Fly Proxy not connected when gunicorn ready?

jasonhd · March 28, 2026, 1:34pm

I’ve been having a lot of issues troubleshooting this. For some reason gunicorn posts that it’s ready to accept requests, however, the fly proxy fails. This causes a resource cascade where more machines start booting.

13:31:43[2026-03-28 09:31:43 -0400] [645] [DEBUG] Arbiter booted

13:31:43[2026-03-28 09:31:43 -0400] [645] [INFO] Listening at: http://0.0.0.0:8080 (645)
13:31:43[2026-03-28 09:31:43 -0400] [645] [INFO] Using worker: sync
13:31:43[2026-03-28 09:31:43 -0400] [645] [INFO] Gunicorn ready to serve requests at 1774704703.436851
13:31:43[2026-03-28 09:31:43 -0400] [656] [INFO] Booting worker with pid: 656
13:31:43[2026-03-28 09:31:43 -0400] [657] [INFO] Booting worker with pid: 657
13:31:43[2026-03-28 09:31:43 -0400] [656] [DEBUG] GET /health/
13:31:43[2026-03-28 09:31:43 -0400] [645] [DEBUG] 2 workers
13:31:45[2026-03-28 09:31:45 -0400] [657] [DEBUG] GET /health/
13:31:46waiting for machine to be reachable on 0.0.0.0:8080 (waited 5.475607079s so far)
13:31:49[PM05] failed to connect to machine: gave up after 15 attempts (in 8.479125072s)

This is my current fly.toml

app = “pb-app-web”
primary_region = “iad”
swap_size_mb = 1024

[deploy]
strategy = “rolling”
release_command = “python manage.py migrate” # Run migrations once per deploy, not per container
release_command_timeout = “30m”
wait_timeout = “20m”
max_unavailable = 0

[build]
dockerfile = “Dockerfile.web”

[env]
DJANGO_SETTINGS_MODULE = “core.settings.web”

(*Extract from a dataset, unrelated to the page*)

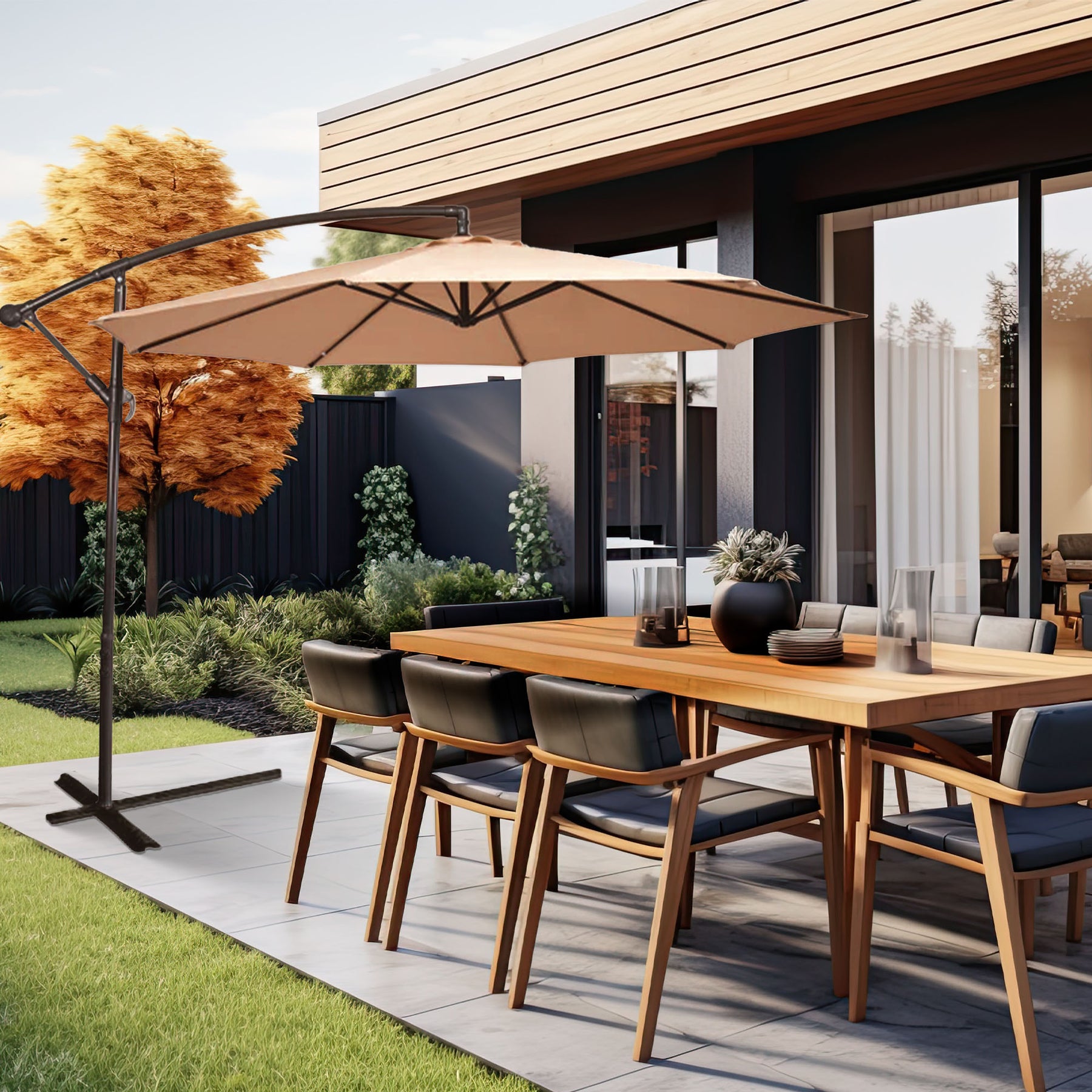• Offset umbrella that creates the ideal shade solution for your outdoor retreat

Keep your explicit process group so we can bind the HTTP service to it

[processes]
web = “/start-web.sh”

[http_service]
internal_port = 8080
processes = [“web”] # bind service to the web process group
force_https = true # 80 → 443 redirect at the proxy

autosuspend / autostart (Machines v2 way)

auto_stop_machines = “suspend” # “off” | “stop” | “suspend”
auto_start_machines = true
min_machines_running = 0 # set to 0 if you want full auto-off

[http_service.concurrency]
type = “requests” # better for HTTP than “connections”
soft_limit = 2 # Reduced to match worker count
hard_limit = 4

[[http_service.checks]]
interval = “10s”
timeout = “2s”
grace_period = “60s”
method = “GET”
path = “/health/”
[http_service.checks.headers]
Host = “######.fly.dev”
X-Forwarded-Proto = “https”

[[vm]]
cpu_kind = “shared”
cpus = 1
memory = “1gb”

lubien · March 28, 2026, 1:42pm

Howdy! Your internal port and logs indicate that it’s not a port issue so my next guess is that your internal health check endpoint is not returning 200.

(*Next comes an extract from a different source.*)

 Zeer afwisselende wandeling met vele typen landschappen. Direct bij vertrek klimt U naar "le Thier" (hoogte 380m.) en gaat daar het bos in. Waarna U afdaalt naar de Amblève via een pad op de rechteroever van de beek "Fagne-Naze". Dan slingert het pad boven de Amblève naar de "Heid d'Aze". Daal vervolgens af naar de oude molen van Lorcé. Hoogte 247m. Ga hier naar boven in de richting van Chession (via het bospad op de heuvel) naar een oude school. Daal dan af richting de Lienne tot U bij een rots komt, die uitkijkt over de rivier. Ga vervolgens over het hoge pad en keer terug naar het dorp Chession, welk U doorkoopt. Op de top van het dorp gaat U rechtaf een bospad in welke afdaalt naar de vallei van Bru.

Can you comment/remove the health check debug and see if the deploy is successful? If it is it will indicate that the issue is either on the health check configuration or in health check action itself (which I would suggest you add more logging to see)

jasonhd · March 28, 2026, 2:12pm

Thank you for this! It does appear removing the health check has resolved the issue. Interestingly, before removing the health check, the system was reporting the health check later returned a 200.

13:56:13[2026-03-28 09:56:13 -0400] [642] [DEBUG] 2 workers

13:56:14[2026-03-28 09:56:14 -0400] [658] [DEBUG] GET /health/
13:56:15waiting for machine to be reachable on 0.0.0.0:8080 (waited 5.53290463s so far)
13:56:18[PM05] failed to connect to machine: gave up after 15 attempts (in 8.536627937s)
13:56:24172.19.8.121 - - [28/Mar/2026:09:56:24 -0400] “GET /health/ HTTP/1.1” 200 16 “-” “Consul Health Check”

lubien · March 28, 2026, 2:22pm

I wonder if the health check is taking long to send 200.

Can you try to simplify your health action to just sending a 200 with no real checks and see if the deploy goes through fast? If it does it means something your health is doing is taking long to work (tweak your timeouts) or if it doesn’t it could indicate that the web server itself might be at fault here.

halfer · March 28, 2026, 3:30pm

A good tip for healthcheck issues is to spin up your service locally in Docker. You can then make the healthcheck yourself and see how long it takes to reply. Of course, if you don’t already have a working local environment (including a local database and other downstream dependencies) then I’d say that’s a priority to get operational anyway.